*** TASK DATA Section Begins ***
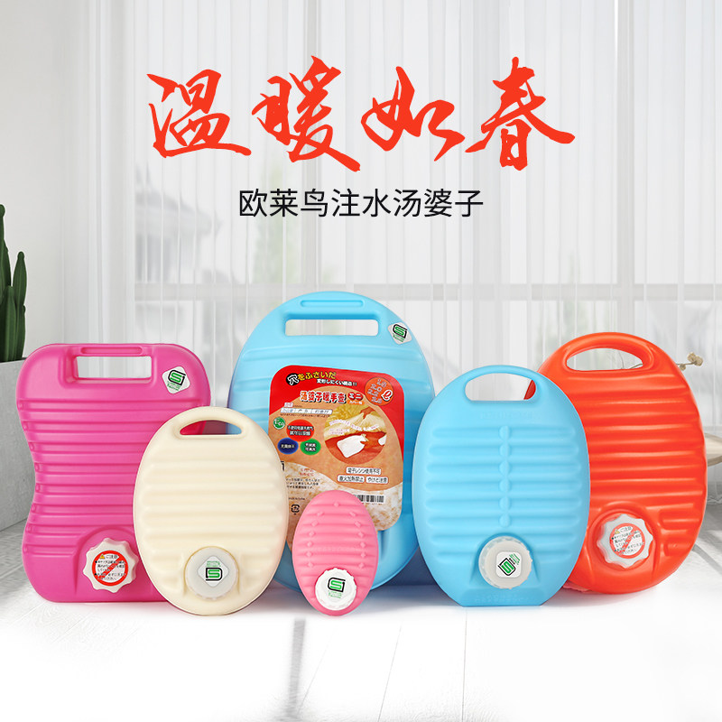 淘宝欧莱鸟汤婆子注水热水袋加厚暖手宝热敷暖肚子床上暖脚壶暖被窝
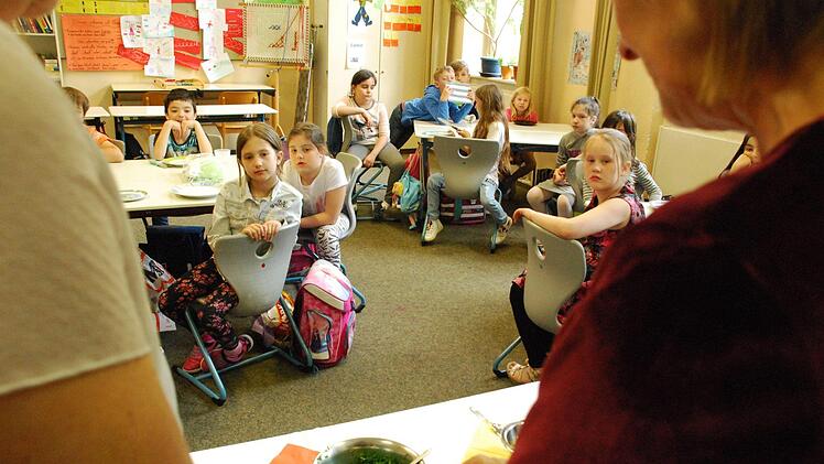 Sophia möchte erklären, was alles in dem Dip drin ist: "Also Quark, Milch, Frischkäse und natürlich Schnittlauch." Übrigens, als der beste Schnittlauchschneider an diesem Morgen entpuppt sich Klassenlehrer Geiß. "Das hat er ganz super gemacht", lobt ihn Marianne Rebelein. Wie frisch er ist, riecht man förmlich im ganzen Klassenzimmer. "Er beißt richtig in den Augen", muss Gudrun Möckl feststellen.
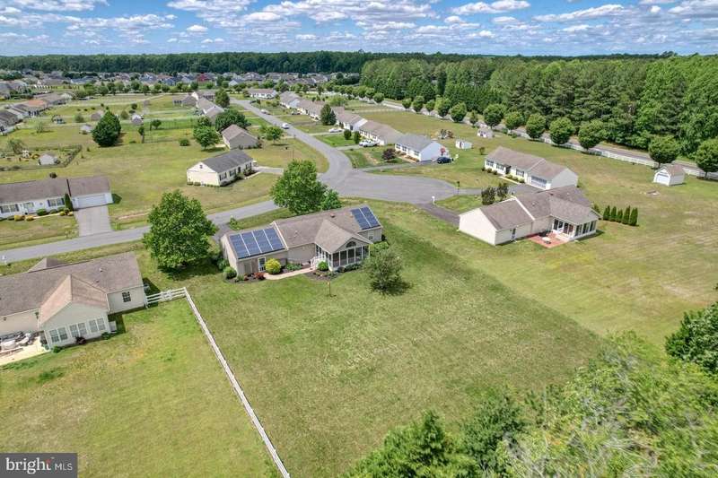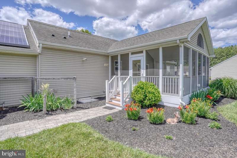 NEW HVAC & CARPETS! - Private Lot & Screened Porch! Welcome to this beautifully maintained ranch-style home nestled in the desirable Heron Bay community of Lewes, Delaware. Situated on a private, half-acre lot, this 3-bedroom, 2 bath home offers the perfect blend of comfort, efficiency, and community living. Inside, the split floor plan offers ideal privacy, featuring a spacious primary suite with ensuite bath, separated from the additional two bedrooms. The open-concept living area flows seamlessly into a well-appointed kitchen and dining space, perfect for entertaining or relaxing at home. Enjoy morning coffee or evening breezes on the screened-in porch, overlooking the peaceful backyard. Energy-conscious buyers will appreciate the home's solar panels, reducing utility costs and promoting sustainability. All new carpets installed, new HVAC-both a gas heater & central air, and a fresh fall landscape clean up! Heron Bay residents enjoy access to a range of community amenities including a clubhouse, swimming pool, tennis courts, and playground-all just minutes from the beaches, shopping, and dining that make Lewes a sought-after destination. Don't miss your chance to own a well-kept, move-in-ready home in one of the area's most welcoming neighborhoods! Solar lease is currently $81.39 a month, electric bill after is appx $28/monthly. Home also has an irrigation system with dedicated well, and additional low voltage lighting.
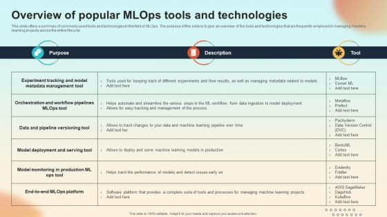 This slide offers a summary of commonly used tools and technologies in the field of MLOps. The purpose of this slide is to give an overview of the tools and technologies that are frequently employed in managing machine learning projects across the entire lifecycle. There are so many reasons you need a Overview Of Popular MLOPs Tools And Technologies Introduction To MLOPs IT. The first reason is you can not spend time making everything from scratch, Thus, Slidegeeks has made presentation templates for you too. You can easily download these templates from our website easily. This slide offers a summary of commonly used tools and technologies in the field of MLOps. The purpose of this slide is to give an overview of the tools and technologies that are frequently employed in managing machine learning projects across the entire lifecycle
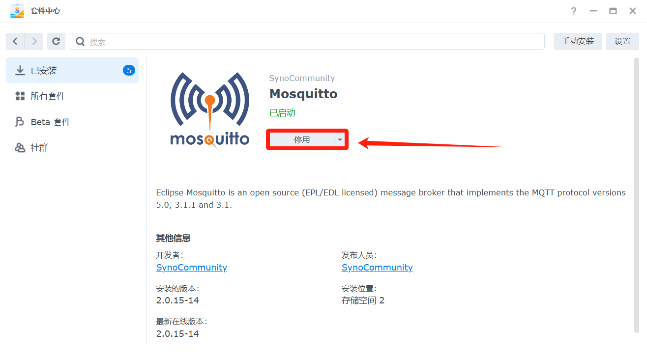 群晖套件Mosquitto安装MQTT物联网接入平台
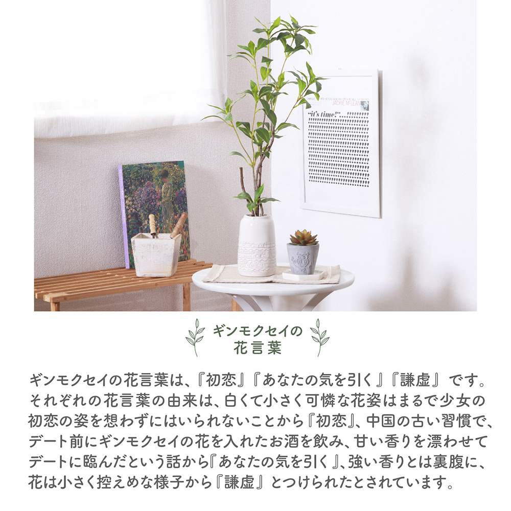 ギンモクセイのやさしい葉の色合いと、洗練されたセラミックポットが空間を爽やかに演出します。
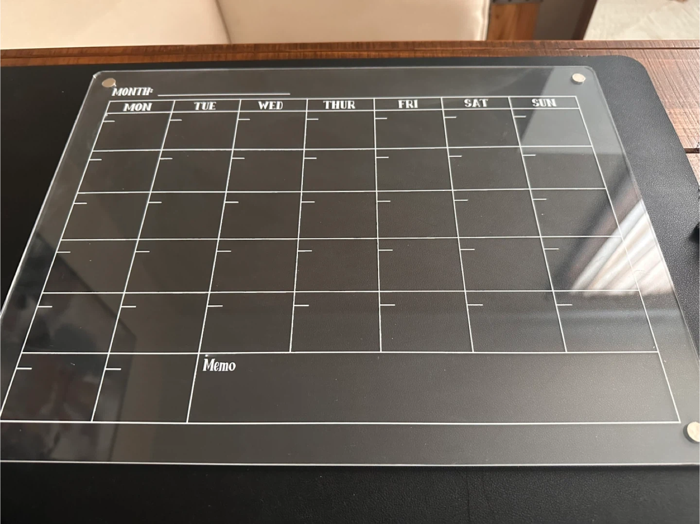 This is an acrylic dry erase calendar board. It's perfect for planning out your month and keeping track of important dates. There's also a section for memos!
*** TASK DATA Section Ends ***
### WHAT IS REQUIRED:
The response has to be an exact copy of all the data, pictures excluded.

### TASK OUTPUT:
 淘宝欧莱鸟汤婆子注水热水袋加厚暖手宝热敷暖肚子床上暖脚壶暖被窝
 Sophia möchte erklären, was alles in dem Dip drin ist: "Also Quark, Milch, Frischkäse und natürlich Schnittlauch." Übrigens, als der beste Schnittlauchschneider an diesem Morgen entpuppt sich Klassenlehrer Geiß. "Das hat er ganz super gemacht", lobt ihn Marianne Rebelein. Wie frisch er ist, riecht man förmlich im ganzen Klassenzimmer. "Er beißt richtig in den Augen", muss Gudrun Möckl feststellen.
 NEW HVAC & CARPETS! - Private Lot & Screened Porch! Welcome to this beautifully maintained ranch-style home nestled in the desirable Heron Bay community of Lewes, Delaware. Situated on a private, half-acre lot, this 3-bedroom, 2 bath home offers the perfect blend of comfort, efficiency, and community living. Inside, the split floor plan offers ideal privacy, featuring a spacious primary suite with ensuite bath, separated from the additional two bedrooms. The open-concept living area flows seamlessly into a well-appointed kitchen and dining space, perfect for entertaining or relaxing at home. Enjoy morning coffee or evening breezes on the screened-in porch, overlooking the peaceful backyard. Energy-conscious buyers will appreciate the home's solar panels, reducing utility costs and promoting sustainability. All new carpets installed, new HVAC-both a gas heater & central air, and a fresh fall landscape clean up! Heron Bay residents enjoy access to a range of community amenities including a clubhouse, swimming pool, tennis courts, and playground-all just minutes from the beaches, shopping, and dining that make Lewes a sought-after destination. Don't miss your chance to own a well-kept, move-in-ready home in one of the area's most welcoming neighborhoods! Solar lease is currently $81.39 a month, electric bill after is appx $28/monthly. Home also has an irrigation system with dedicated well, and additional low voltage lighting.
 This slide offers a summary of commonly used tools and technologies in the field of MLOps. The purpose of this slide is to give an overview of the tools and technologies that are frequently employed in managing machine learning projects across the entire lifecycle. There are so many reasons you need a Overview Of Popular MLOPs Tools And Technologies Introduction To MLOPs IT. The first reason is you can not spend time making everything from scratch, Thus, Slidegeeks has made presentation templates for you too. You can easily download these templates from our website easily. This slide offers a summary of commonly used tools and technologies in the field of MLOps. The purpose of this slide is to give an overview of the tools and technologies that are frequently employed in managing machine learning projects across the entire lifecycle
 群晖套件Mosquitto安装MQTT物联网接入平台
 ギンモクセイのやさしい葉の色合いと、洗練されたセラミックポットが空間を爽やかに演出します。
 This is an acrylic dry erase calendar board. It's perfect for planning out your month and keeping track of important dates. There's also a section for memos!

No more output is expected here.